Despite comprising over one-third of the world’s total volume, data in healthcare has historically been siloed and poorly organized, with over 80% unstructured.
Despite great accomplishments in medical treatments over the years, innovation in the healthcare industry has long been plagued by analog data storage, inaccessible solutions and impersonalized patient treatments. This is now rapidly changing, with AI technologies driving significant advancements in various aspects of the industry.
1. Enabling the use of massive volumes of relatively unstructured health data
Despite comprising over one-third of the world’s total volume, data in healthcare has historically been siloed and poorly organized, with over 80% unstructured.[1]However, over the past 15 years, tens of billions of dollars have been spent to digitize the industry (i.e. via electronic health records), allowing AI models to harness the over 500 petabytes of health-related data that exist today.[2]
2. Reducing the cost and timeline of drug discovery and development
Drug development is a lengthy and costly process. It can take up to 18 years from pre-clinical research to commercialization and costs an average of $2.3 billion per drug[3]—of which 80%, on average, is spent on R&D. By boosting productivity, generative AI could cut costs while improving drug success rates. McKinsey estimates a potential increase of $60-110 billion in annual economic value for pharma and medical product industries.
For instance, Phase III clinical trials (the final step before FDA approvals) are comprehensive and capital intensive. Such trials for Eli Lilly and Novo Nordisk’s obesity drugs lasted an average of 68-72 weeks across 1,000-2,500 obese patients (which tend to take 6-10 months to enroll). Altogether, costs could reach as much as $50 million for a single study.[4] Meanwhile, an AI-enabled company like QuantHealth can take clinical trial simulations to the cloud, where they can predict how an entire clinical trial would play out with 86% accuracy, ultimately allowing for optimized trial design and more “shots on goal” to bring drugs to patients quicker.[5]

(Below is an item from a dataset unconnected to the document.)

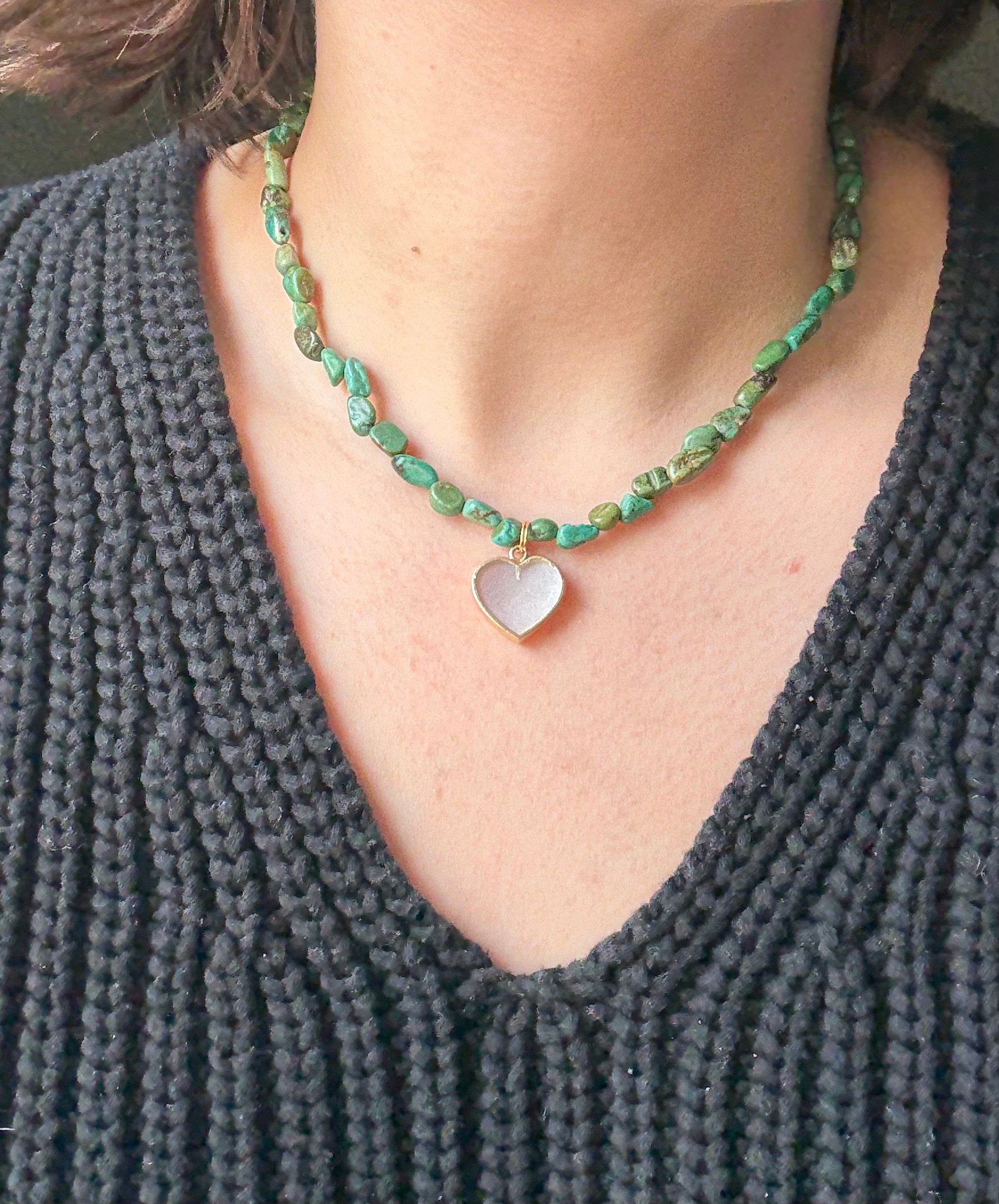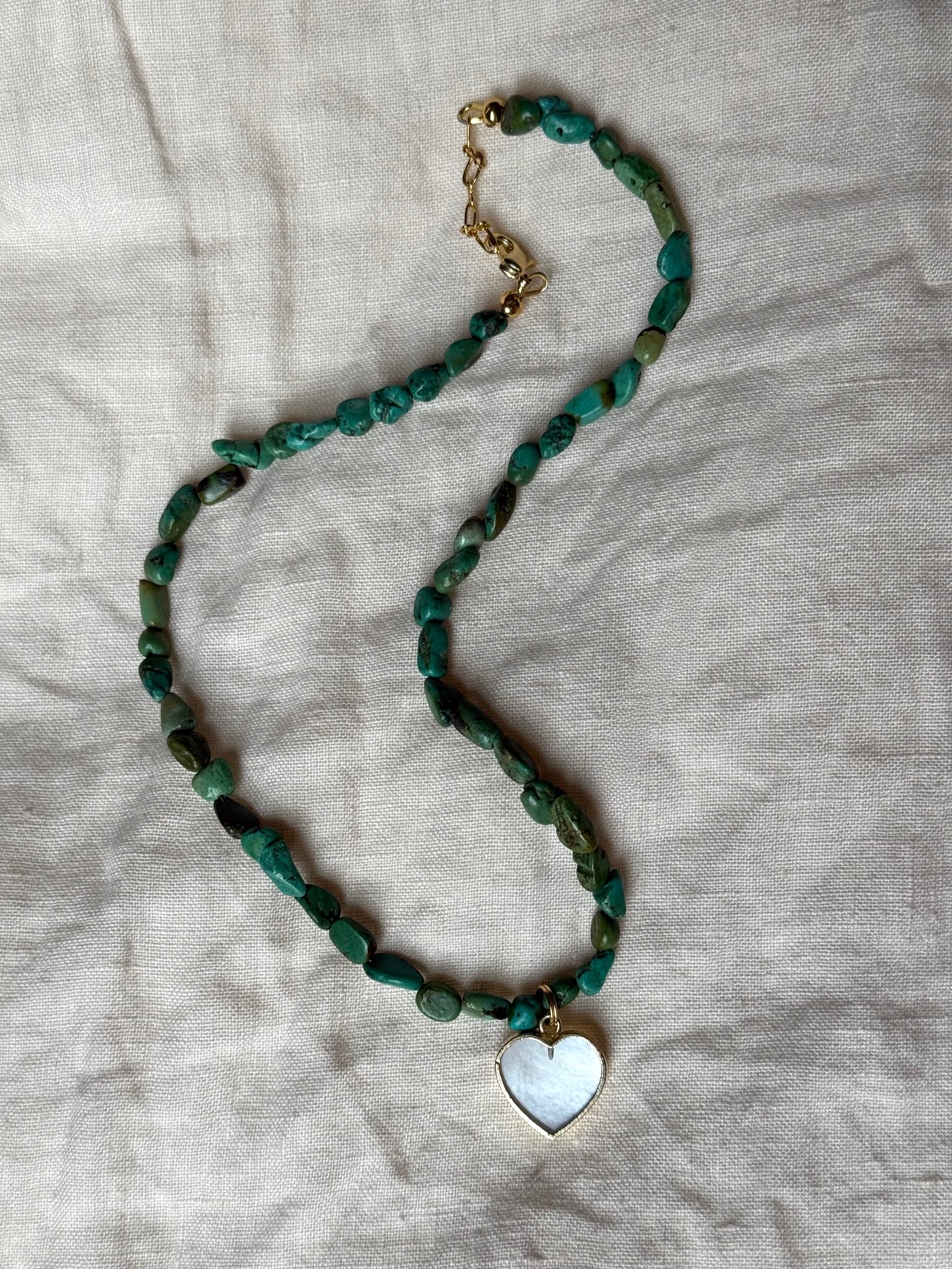 Turquoise Necklace with Mother of Pearl Heart Charm

3. Contributing to next-generation science
Generative learning models can also help unlock novel biological insights and solutions. Just like ChatGPT can predict the next word in a sentence, AI models are predicting molecular structures. For instance, Google's AlphaFold can accomplish what used to take scientists years and millions of dollars in just a few hours and at minimal cost. In 2021, scientists had only determined 20% of existing protein structures. Today, the Institute for Cancer Research reports that 99% of known proteins have been mapped.[6] With enhanced understanding of protein structures, scientists can more effectively curate medications for many disease types, advance drug development and biological research.
4. Narrowing the critical shortage of healthcare workers
The aftershock of the global pandemic has left the industry with a critical shortfall of healthcare professionals[7]–but AI is helping narrow this gap. Telehealth is stepping in where physical access is prohibitive, while advances in wearable or implanted devices are enabling continuous health monitoring, reducing the need for in-person doctor visits (or prompting them when needed). Some private companies are also building virtual “doctors” powered by large language models[8], enhancing the scalability and personalization of care.
There are still hurdles to overcome in bringing many of these use cases to practical, broad-scale use. For instance, data quality is of particular emphasis in health applications, highly sensitive patient data require robust security and integration can face regulatory barriers. Given healthcare’s known complexities, the leading companies are more likely to be vertical-specific and guided closely by deep healthcare experts who can help navigate these hurdles.
However, for investors looking to diversify concentration to U.S. tech names or to lean into underappreciated AI beneficiaries, the vast healthcare market provides a diverse set of opportunities in both public and private markets. An emphasis on profitability will be needed, but well-positioned investors could take advantage of the new era unfolding in healthcare transformation.
[1] Gopal Srinivasan et al., 2023, “A new frontier in artificial intelligence: Implications of Generative AI for business,” Deloitte.
[2] For context, 1 petabyte of music files would constitute over 300 million songs.
[3] Deloitte. Annual Pharmaceutical Innovation Report (2023)
[4] Piper Sandler, “Obesity is on Fire; What Does It Take to Standout in A Competitive Market?” April 1, 2024.
[5] Accenture, January 2024. QuantHealth's Clinical-Simulator predicts how each patient in a clinical trial will respond to treatment, allowing trial design teams to predict how an entire clinical trial will play out, and optimize trial design.
[6] As we discussed in our paper, “The transformative power of generative AI”, this is one of the most exciting use cases of non-generative AI. Prior to Google’s AlphaFold, scientists had only determined the structure of 17% of proteins. AI is now predicting the complex folding structure of protein with unprecedented accuracy in minutes. With enhanced understanding of protein structures, scientists can more effectively curate medications for all sorts of diseases, advancing drug development and biological research.
[7] Boniol M, Kunjumen T, Nair TS, et al. “The global health workforce stock and distribution in 2020 and 2030: a threat to equity and ‘universal’ health coverage?”, BMJ Global Health 2022.
[8] See for instance, Hippocratic AI.